Problem ▸
The output should be the listing below, limited to the lines from the one with "Posters that can" through the one with "Sofá Retrátil e", exact and without pictures.

=====

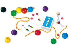 Miejsza, poręczna wersja gry uwielbianej przez wszystkich przedszkolaków. W trakcie gry odkryj kartę. Wpatrując się w nią przez kilka sekund, staraj się zapamiętaćkolejność kolorów. Po sygnale nawlekaj na linkę jak najszybciej kolorowe kule - zgodnie z układem odczytanym z karty. Wspaniałą zabawa, która jest jednocześnieznakomitym treningiem zręczności i świetnym ćwiczeniem pamięci. Poziom trudności należy dostosować do możliwości graczy (karty zwierają wzory od 3 do7 kolorowych kul). Sprawdź swoją pamięć i zręczność.55 kart, 12 kul, klepsydra, 60 żetonów, 2 sznurki, instrukcja.
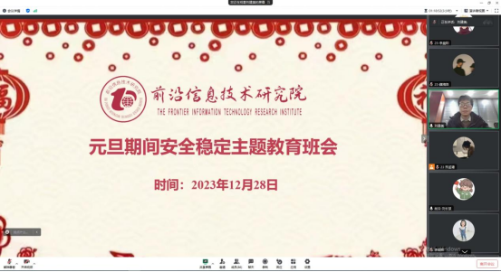 2023年12月28日晚上8点,公司召开“元旦期间安全稳定主题教育班会”,此次班会采用线上的形式,由刘建美、刘长慧老师主持,全体研究生参加。
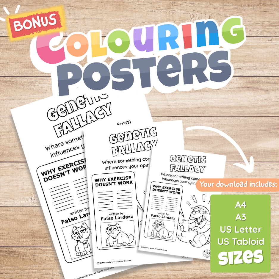 Posters that can be coloured in or your child can draw their own design to illustrate the fallacy (you can print them in any size, A4, A3, 11x17in, 8.5x11in).
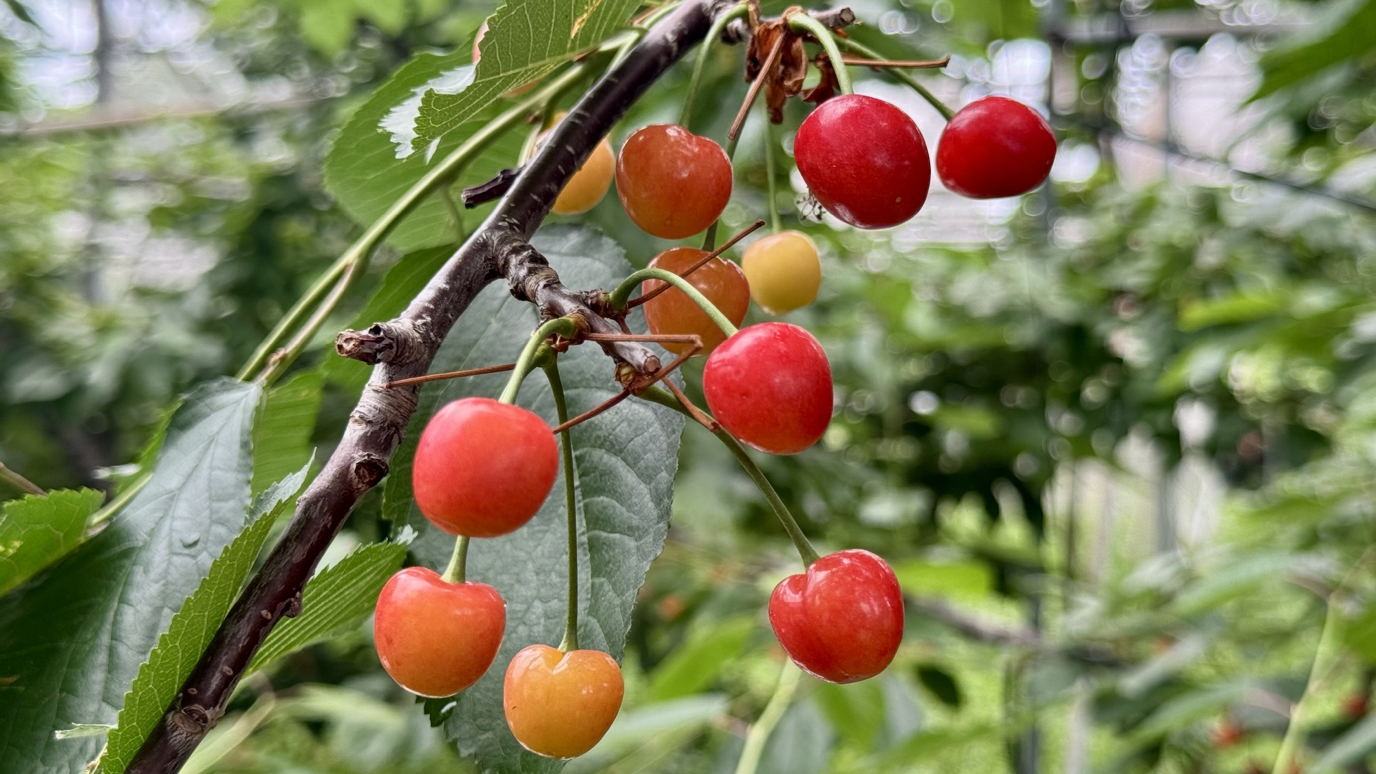 サクランボの収穫時期は例年5月末頃から6月半ばまでとのこと。サクランボの品種は約1,000種類もあると聞いて、子ども達も驚いていました!
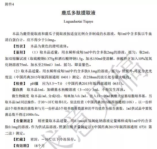 關于鹿瓜多肽注射液國家標準的公示
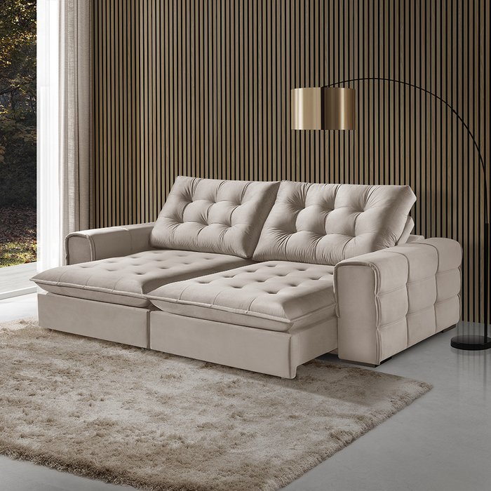 Sofá Retrátil e Reclinável Galliano 1,80m Veludo Bege - Fortbello Estofados
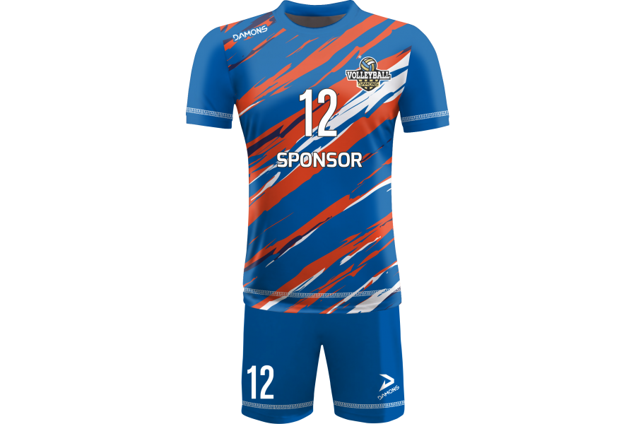 Zamów Strój Siatkarski Męski Omega 17 Niebiesko-Pomarańczowo-Biały z nadrukami i numeracją, a przygotujemy wizualizację dla Twojej drużyny!
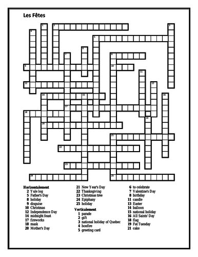 Fetes Holidays In French Crossword Teaching Resources
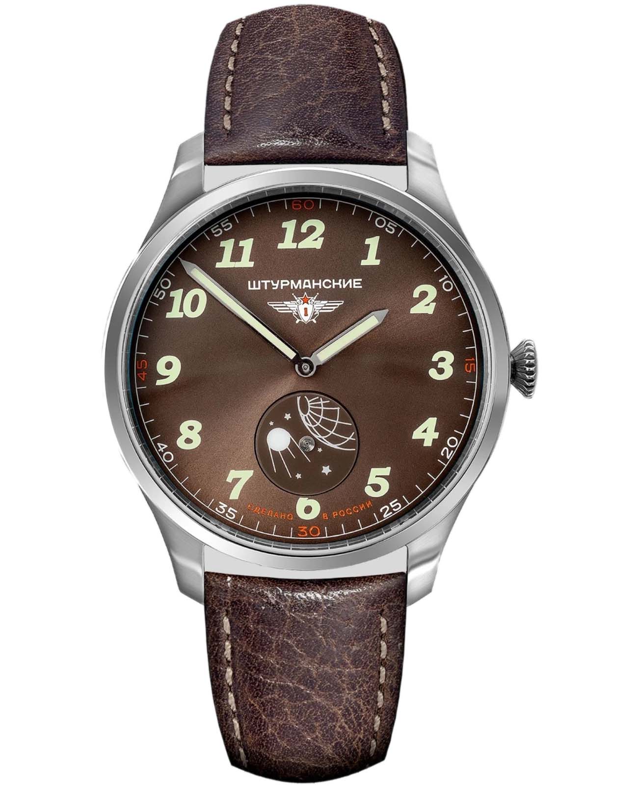 Штурманские мужские российские кварцевые часы с минеральным стекломМинеральное стеклоМинеральное стекло представляет собой искусственно выращенный минерал кварца. Такое стекло отличается особой устойчивостью к повреждениям и царапинам. Уступает по некоторым качествам сапфировому стеклу. кварцевый механизм с высокой точностью. Класс водозащиты: 50 метров, позволит защитить корпус от случайных брызг или капель дождя. Корпус часов изготовлен из стали. Кожаный ремешок на стандартной застёжке. Стрелки и метки с люминесцентным покрытиемЛюминесцентное покрытиеПозволяет считывать показания времени в темноте. Производители наносят на стрелки, часовые индексы, безель или поверхность циферблата светонакопительный состав, дающий холодное свечение..
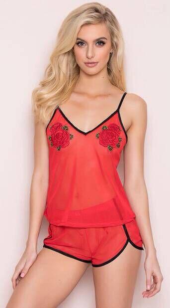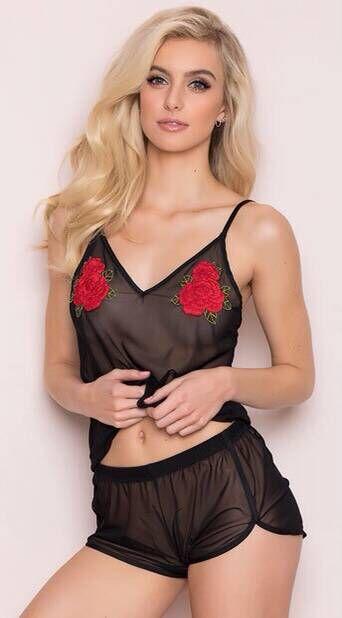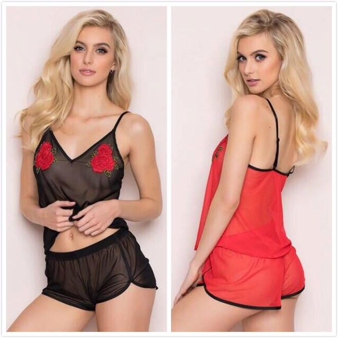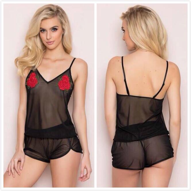 Compra Lencería sexy europea y americana de comercio exterior 2020, perspectiva negra, malla bordada, lindo pijama sexy, pantalones cortos, camisón, traje al por mayor en Joom.pro

=====

Answer box ▸
 Posters that can be coloured in or your child can draw their own design to illustrate the fallacy (you can print them in any size, A4, A3, 11x17in, 8.5x11in).
 サクランボの収穫時期は例年5月末頃から6月半ばまでとのこと。サクランボの品種は約1,000種類もあると聞いて、子ども達も驚いていました!
 關于鹿瓜多肽注射液國家標準的公示
 Sofá Retrátil e Reclinável Galliano 1,80m Veludo Bege - Fortbello Estofados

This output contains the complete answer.